Vincent Ganivet | Moucharabieh
Vincent Ganivet, Moucharabieh, photo : Richard Porteau
Lorsque les frères Réthoré ont tenté de transformer le château de La Mercerie en «Petit Versailles charentais», on peut se demander s’ils n’escomptaient pas réaliser là un tour de magie. Car en effet, après de nombreuses années de chantier, force leur a été de constater qu’ils n’avaient pas les moyens de cette petite folie d’architecture de type renaissant. Abandonné dans les années 1970, il reste de ce projet une gigantesque façade de 220 mètres de piliers et d’arcatures qui traverse le paysage. Alors quand la commune de Magnac-Lavalette-Villars a fait part au FRAC Poitou-Charentes de son ambition d’inscrire de l’art contemporain dans son programme, l’idée est venue de faire appel à un artiste bâtisseur dont la virtuosité se confond parfois, elle aussi, avec de la prestidigitation.
Vincent Ganivet (né en 1976 - vit à L’île Saint-Denis) s’est distingué ces dernières années par des sculptures de parpaings, qui par des jeux de tension, forment des arches en tout genres. Chenilles, roues, croisées d’ogives et autres, quelles que soient les formes déclinées, la virtuosité des équilibres précaires est toujours de mise. Son matériau de prédilection, le bloc de béton, lui offre l’opportunité d’une matière première peu onéreuse et à la manipulation aisée. Normalement conçu pour monter des murs droits et être masqué, l’artiste le détourne à partir de savoir-faire inspirés de l’architecture, de l’ingénierie et des mathématiques (il use, pour calculer ses courbes, de la figure de la chaînette). Cependant, n’étant pas un expert de ces domaines, c’est avant tout l’empirisme du jeu de l’expérimentation qui dicte l’évolution des formes. «Ce qui m’intéresse c’est la mise-en-œuvre. J’aime détourner les objets quotidiens de leur fonction initiale, les mettre de travers. Émerveiller, mais avec souci d’accessibilité, d’efficacité.»* Majestueuses et tutoyant le gigantisme, les courbes et torsions des sculptures semblent en même temps extrêmement fragiles.
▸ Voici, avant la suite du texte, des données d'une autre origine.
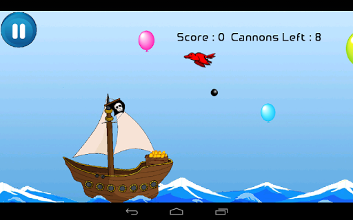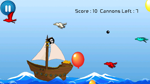 Show off your shooting skills in this skill based game. Take charge of a pirate ship sailing in the choppy waters of the Caribbean. Fire the cannons to blast floating balloons to increase your score - but do aim carefully as the air is thick with flying seagulls - avoid the white seagulls and shoot off the red and cyan seagulls.
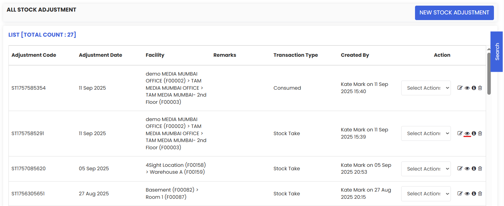Once saved, you will see the updated stock listed in the main "Stock Adjustment" screen.
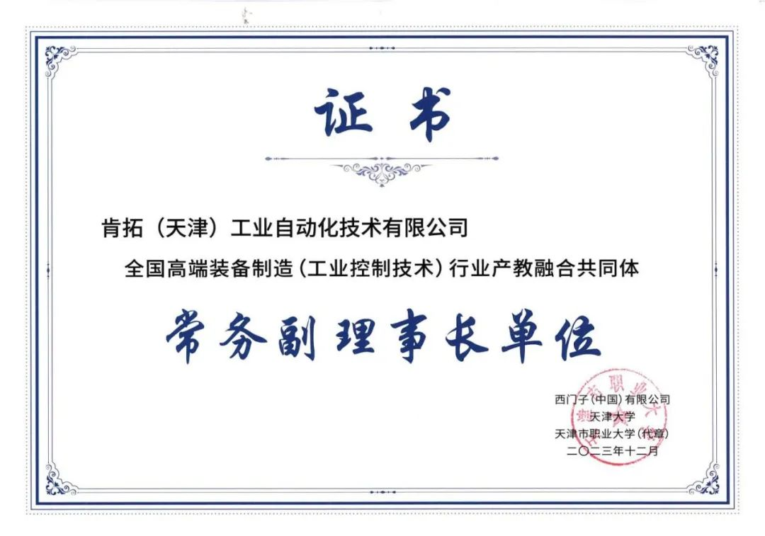 我公司當(dāng)選為全國(guó)高端裝備制造(工業(yè)控制技術(shù))行業(yè)產(chǎn)教融合共同體常務(wù)副理事長(zhǎng)單位。 王旭在致辭中表示, 希望共同體發(fā)揮天津職業(yè)教育改革特色優(yōu)勢(shì),助力天津科技成果轉(zhuǎn)化,服務(wù)經(jīng)濟(jì)社會(huì)發(fā)展。林宇表示,共同體的成立是天津落實(shí)現(xiàn)代職業(yè)教育體系建設(shè)改革新模式實(shí)施方案的具體舉措,希望共同體能夠做實(shí)做優(yōu),為全國(guó)同類(lèi)共同體建設(shè)積累成功經(jīng)驗(yàn)。劉康表示,共同體成立對(duì)于集聚高端裝備制造行業(yè)的產(chǎn)教資源,促進(jìn)教育鏈、人才鏈與產(chǎn)業(yè)鏈、創(chuàng)新鏈融合發(fā)展,推動(dòng)以實(shí)體經(jīng)濟(jì)為支撐的現(xiàn)代產(chǎn)業(yè)體系建設(shè)具有重要意義。全國(guó)高端裝備制造(工業(yè)控制技術(shù))行業(yè)產(chǎn)教融合共同體是由西門(mén)子(中國(guó))有限公司、天津大學(xué)、天津職業(yè)大學(xué)牽頭,聯(lián)合高端裝備制造行業(yè)組織、學(xué)校、科研機(jī)構(gòu)、上下游企業(yè)等共同組建的實(shí)體化運(yùn)營(yíng)組織,旨在持續(xù)深化產(chǎn)教深度融合,賦能職業(yè)教育高質(zhì)量發(fā)展,推動(dòng)高端裝備制造產(chǎn)業(yè)鏈價(jià)值鏈向高端延伸。實(shí)行政府引導(dǎo)、市場(chǎng)主導(dǎo)、企業(yè)主體、院校支撐的運(yùn)行機(jī)制,將堅(jiān)持目標(biāo)導(dǎo)向、問(wèn)題導(dǎo)向和效果導(dǎo)向,夯實(shí)教產(chǎn)互促互助的建設(shè)內(nèi)涵,通過(guò)建立完善議事協(xié)調(diào)制度,有組織開(kāi)展人才培養(yǎng)、科技創(chuàng)新和社會(huì)服務(wù),實(shí)現(xiàn)職業(yè)教育與產(chǎn)業(yè)高質(zhì)量發(fā)展的雙向奔赴。
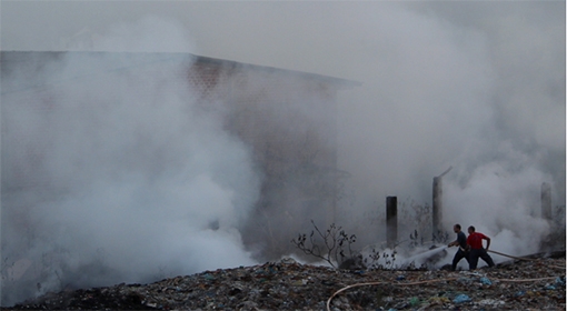 Depois de uma semana de muita fumaça, bombeiros comunitários de Ubiratã conseguiram acabar com os focos de incêndio a um depósito de materiais recicláveis abandonado em Campina da Lagoa, na saída para Nova Cantu. O problema só foi resolvido depois que uma retroescavadeira foi usada para jogar terra sobre o lixo que pegava fogo.
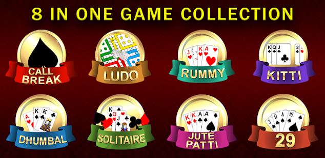Callbreak, Ludo, Rummy, Dhumbal, Kitti, Solitaire, dan Jutpatti adalah game yang paling populer di kalangan pemain board / card. Tidak seperti gim kartu lainnya, gim ini cukup mudah dipelajari dan dimainkan. Nikmati beberapa game dalam satu paket.
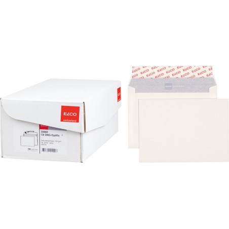 ELCO Briefumschläge Profutura in Bürogrosspackung naturweiss, 100% Recycling. Nachhaltigkeit eco:plus: recyclingfähig. C6, mit Optifix® Haftklebeverschluss 162 x 114 mm, Façon DNG-HK. Schachtel zu 500 Stück. Zertifikat: Der Blaue Engel.
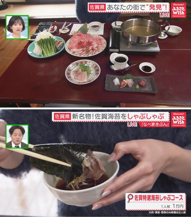 テーブルには「A5ランクの佐賀牛ロース」や「金星佐賀豚ロース」など、見事な霜降りのお肉が並びます。 今回いただく新名物は、その名も「佐賀海苔しゃぶしゃぶ」。 ご飯に巻くのではなく、なんとお鍋で楽しむスタイルです。 代表取締役の下村光一郎さんが提案するのは、驚きの4段階の食べ方。
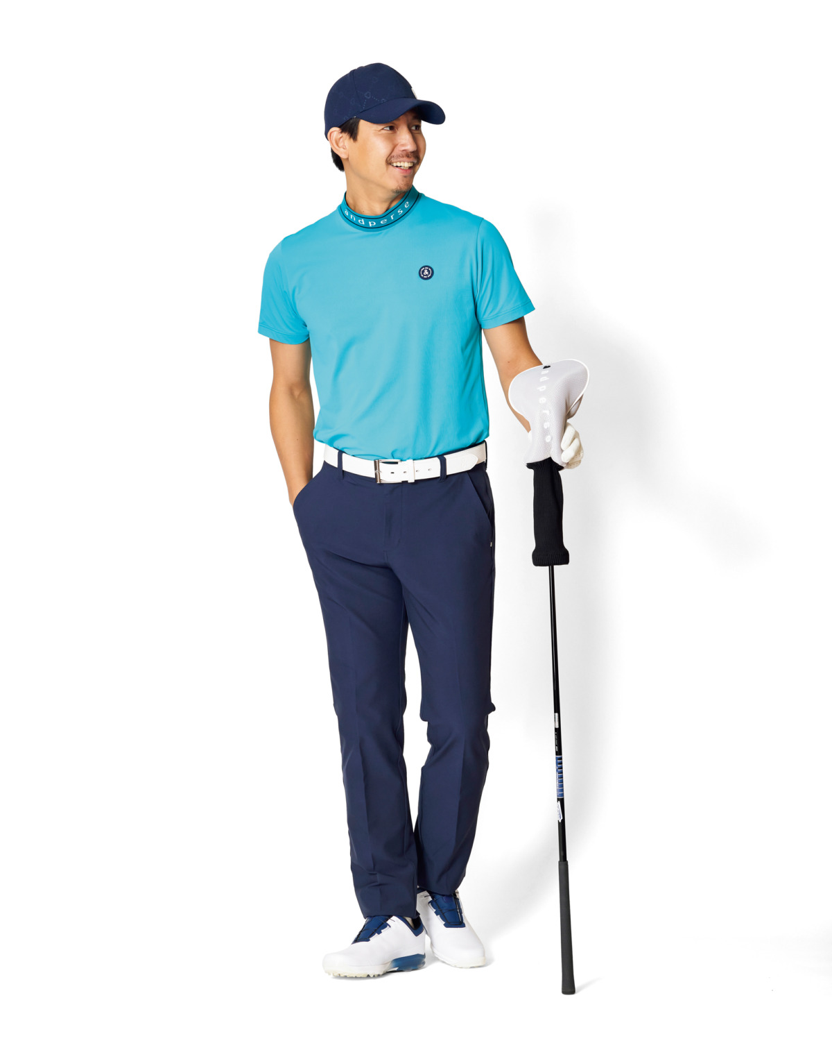 シンプルなモックネックシャツをメインとした王道コーディネート。キャップ&パンツで統一感を持たせつつ、キレイなレトロブルーがゴルフ場で映える『NAVY EDITION』による大人のスポーティスタイル。キャップ¥9,350、モックネックシャツ¥23,100、パンツ¥22,000、ベルト¥13,200、ヘッドカバー[DR]¥7,700(すべてアンパスィ)、その他スタイリスト私物

Face à elles, l’apparent risque d’effondrement nous nargue en permanence.
Pour le château de La Mercerie, Vincent Ganivet a conçu le projet de graciles arcades de parpaings qui viennent briser le rythme des baies de la façade qui, inachevée, paraît elle aussi précaire. Deux générations de projets virtuoses se trouvent ici réunis au travers d’un ensemble aussi spectaculaire que dérisoire.